The young man stood beside the breakfast table, took a good long look at me. His Adam’s apple rolled in his throat and his hands shook.
I said, "Well, do I have to guess?"
"What? Oh, no."
As he leaned against the breakfast table, our eyes fixed simultaneously on the article which lay face-up, its headline in large black font:
FAMILY SLAYING LINKED TO ANDREW THOMAS
He looked up quickly and said, "Julie Ashburn sent me out to see if you could work tomorrow night. The Curling Club is having a dinner."
I reached back, pulled my hair into a ponytail.
"What’s your name?" I asked.
"Horace. I just started helping her out. Sort of a gofer. Lucky to get the job."
"Well, you’ll have to tell her that I can’t do it this time, Horace."
"Oh, okay. That’s fine, I mean…" He glanced once more at the article, then back at me, becoming breathless. "I’ll let her know. Should I tell her you’re going on vacation? That that’s why you can’t?" I just stared at him and slid my hands into my pockets, fingering the cold metal of the handgun, trying to talk myself down from the paranoia. He doesn’t suspect anything. He’s acting strange because he’s strange. World’s full of strange people. Nothing more than that. He doesn’t know who I am.
"The reason I say vacation," he continued, "you know is just cause I notice you have a suitcase out over on the uh, the thing over there."
"Yes, I’m going away for a little while."
"Well, okay, then I’ll uh, I’ll tell Julie."
He couldn’t help himself. For the third time he looked at the article.
"Why don’t you take it with you?" I said. "I’m finished with it. Crazy stuff, huh?"
"Yeah. It’s…wow. Well, look, I’ll uh, I’ll let Julie know." He picked up the article, then said, "I’m very sorry to bother you."
As Horace walked by and opened the front door, I realized how paranoid I’d become. He stepped out into the afternoon darkness and I lingered in the doorway, watching him climb into a Land Cruiser and head back up the driveway.

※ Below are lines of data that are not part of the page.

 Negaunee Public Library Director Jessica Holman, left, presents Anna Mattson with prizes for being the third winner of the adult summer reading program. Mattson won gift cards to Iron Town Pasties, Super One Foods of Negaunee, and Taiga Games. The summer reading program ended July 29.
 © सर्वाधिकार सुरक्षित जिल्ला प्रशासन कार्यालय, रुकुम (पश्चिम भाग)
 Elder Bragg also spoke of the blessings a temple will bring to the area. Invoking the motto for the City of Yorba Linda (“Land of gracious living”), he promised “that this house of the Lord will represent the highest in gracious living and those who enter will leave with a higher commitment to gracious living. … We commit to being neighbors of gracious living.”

The noise of its engine soon faded into woodland silence and there was nothing but the whisper of wind in the firs.
I walked back inside to finish packing, my thoughts returning to how I would find Luther Kite in this wide wide world.

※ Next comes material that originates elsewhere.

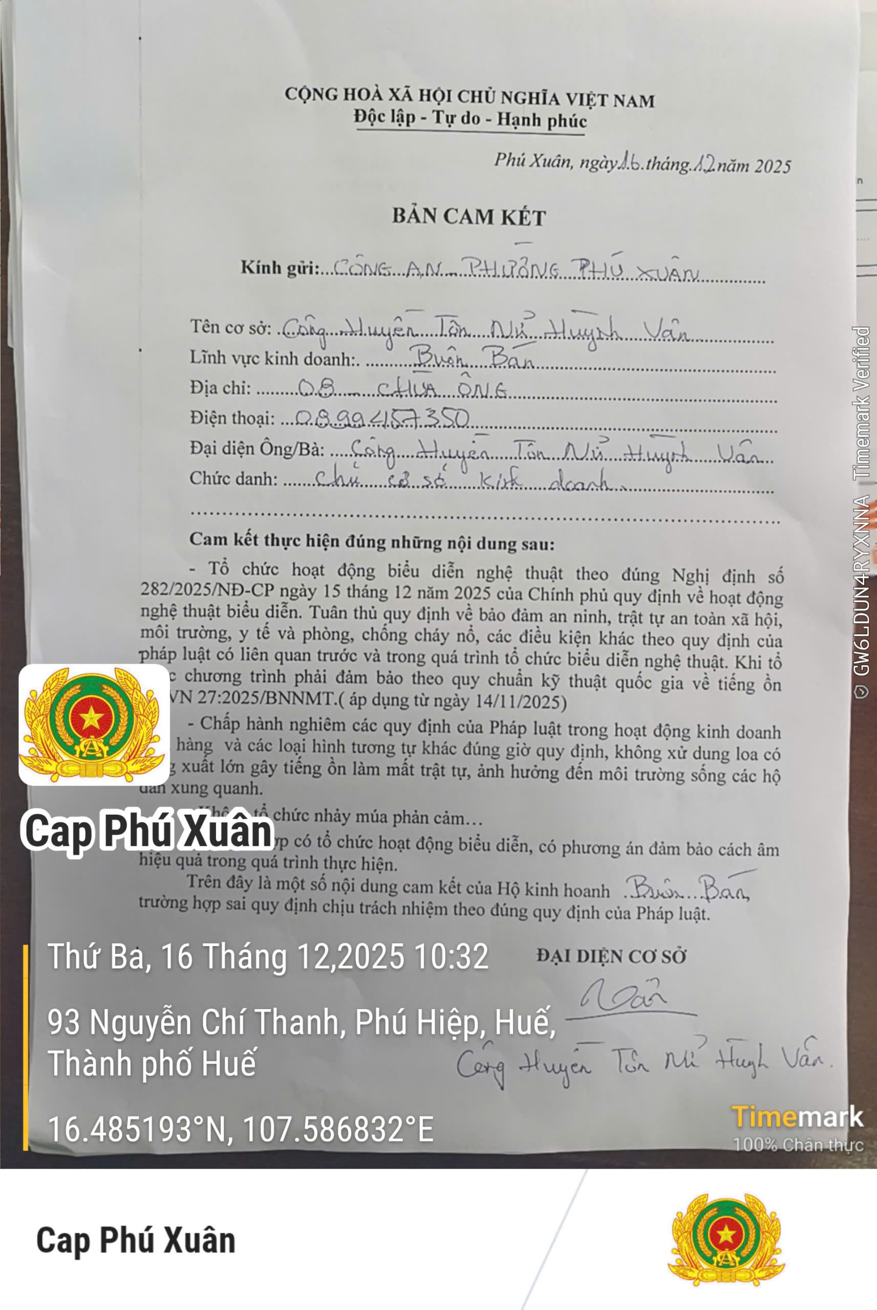 Sau khi nhận được phản ánh, UBND phường đã chỉ đạo Công an phường kiểm tra tại thực địa tiếp tục mời bà Công Huyền Tôn Nữ Huỳnh Vân đại diện cho hộ gia đình tại địa chỉ 06 Chùa Ông để làm việc. Tại buổi làm việc bà Vân cam kết thực hiện các quy định của nếp sống văn minh đô thị, trong đó cam đoan chấp hành việc không mở nhạc quá lớn và đúng thời gian quy định (đính kèm biên bản).
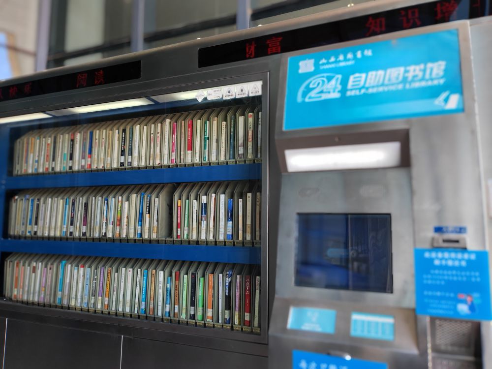 這是4月22日拍攝的山西省圖書館門口的24小時自主借閱機。新華社記者 解園 攝

Driving home through the cold Yukon darkness, Horace Boone could hardly contain his joy. Having read Andrew Thomas’s manuscript, Desert Places, he understood perfectly well what was happening: on the supposition that Andrew was telling the truth, Luther Kite had survived the desert, was now alive and wreaking havoc, and Andrew was going to find him. Though it would devour all his savings, Horace would follow.

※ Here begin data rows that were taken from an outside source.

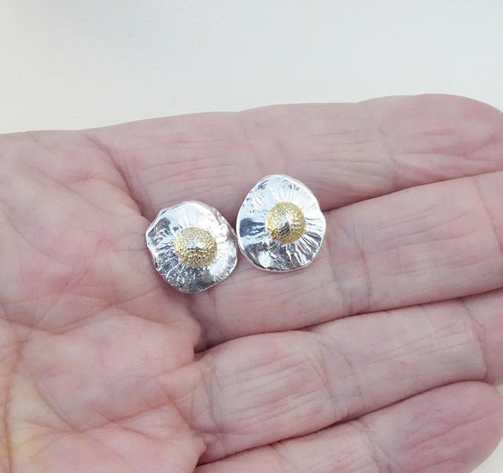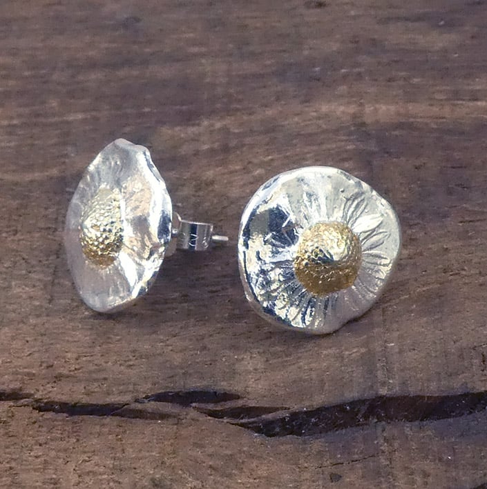 These are my favourite garden-inspired items and are the smallest size of daisy jewellery I make, from moulds I have taken of daisies on my own lawn. I also make drop earrings (slightly larger) and pendants (largest daisies) from time to time, which can be ordered to match. The daisy lends itself ideally to gold centres, though I do also make them in plain silver.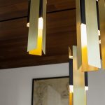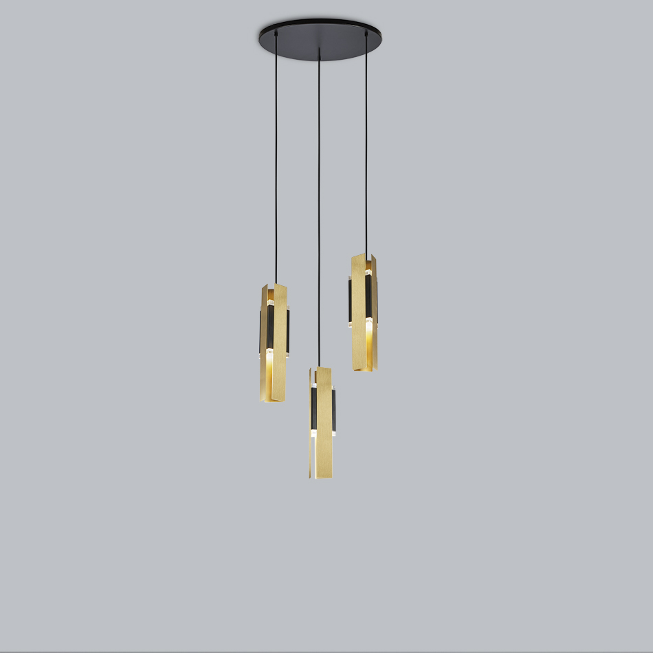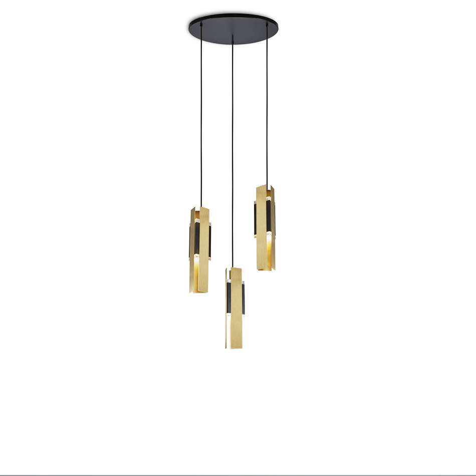 A slightly Deco-inspired lamp. The main body is in black coating and the light is spread through two plexiglass prisms and it’s wrapped into three rectangular brushed brass foils. It is available in different compositions: single or bunch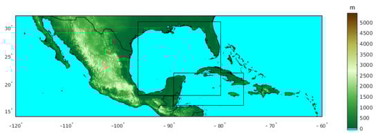In order to select cases for further analysis, thresholds are applied only in areas close to the Yucatan Peninsula (indicated by the two black boxes in Figure 1), taking into account the characteristic scales of tropical disturbances. Since we employ data from 1980 to 2018 (39 years) selecting only days from the rainy season, a total of 7176 days are analyzed, of which only 3145 days passed both filters specified in Equations (1) and (2).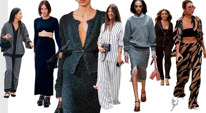Если нужно собрать образ за пять минут, то пусть у вас в гардеробе будет пара готовых сетов. Трикотажные юбочные костюмы на весну, а шелковые брючные пижамные сеты на лето. Расслабленный уютный образ сэкономит время и силы.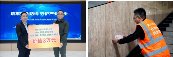 為推動安全措施落到實處,陽光財險現(xiàn)場向修武縣民宿協(xié)會捐贈了數(shù)百套消防物資,包括應(yīng)急包、安全標(biāo)牌與警示海報。會后,與會代表共同前往多家民宿,實地布置安全標(biāo)識,與業(yè)主進行面對面交流。這種“查勘+評估+培訓(xùn)+物資+演練+實踐”的閉環(huán)服務(wù),為實現(xiàn)云臺山景區(qū)住宿業(yè)態(tài)的風(fēng)險減量奠定了堅實基礎(chǔ)。

This was as much of a story as any writer could dream of.
I lay awake in bed, the sleepless hours ticking away. My suitcase was already packed in the Jeep and when I woke in the morning I had only to walk outside, climb behind the wheel, and drive away. Whitehorse, Yukon was 158 kilometers to the east. There I’d catch a flight to Vancouver and from Vancouver, on to America. In a storage locker in Lander, Wyoming, there were things that might help me find Luther Kite—my brother’s journals containing poetry, photographs, even a record of his and Luther’s activities. I’d put it all in storage after fleeing Orson’s cabin seven years ago because some of it incriminated me.
Now something was needling me about Luther and how I would find him. It seemed I’d read somewhere in Orson’s journals that he’d grown up on an island.
There was a cracking in the distance. I knew this sound.
My first autumn in the Yukon I woke in bed one night petrified by a mysterious cracking in the forest. Unable to fall back asleep, I dressed and crept through the trees, arriving at last at a frozen pond where a bull moose was stamping his hooves into the ice. I’d watched him finally break through and dip his muzzle into the frigid water for a drink.
Hearing that sound again, I imagined it to be a goodbye of sorts and it threatened to unglue me. But I wouldn’t cry anymore tonight. I’d loosed all the tears I was going to shed and now existed in a state of shock—shock that I was willingly leaving my harbor to sail back into madness. It was the uncertainty that haunted me, mostly for Beth Lancing, selfishly for myself—as I lie in bed watching fireshadows dance along the rafters of my precious home, I couldn’t purge the thought that I would never see this place again.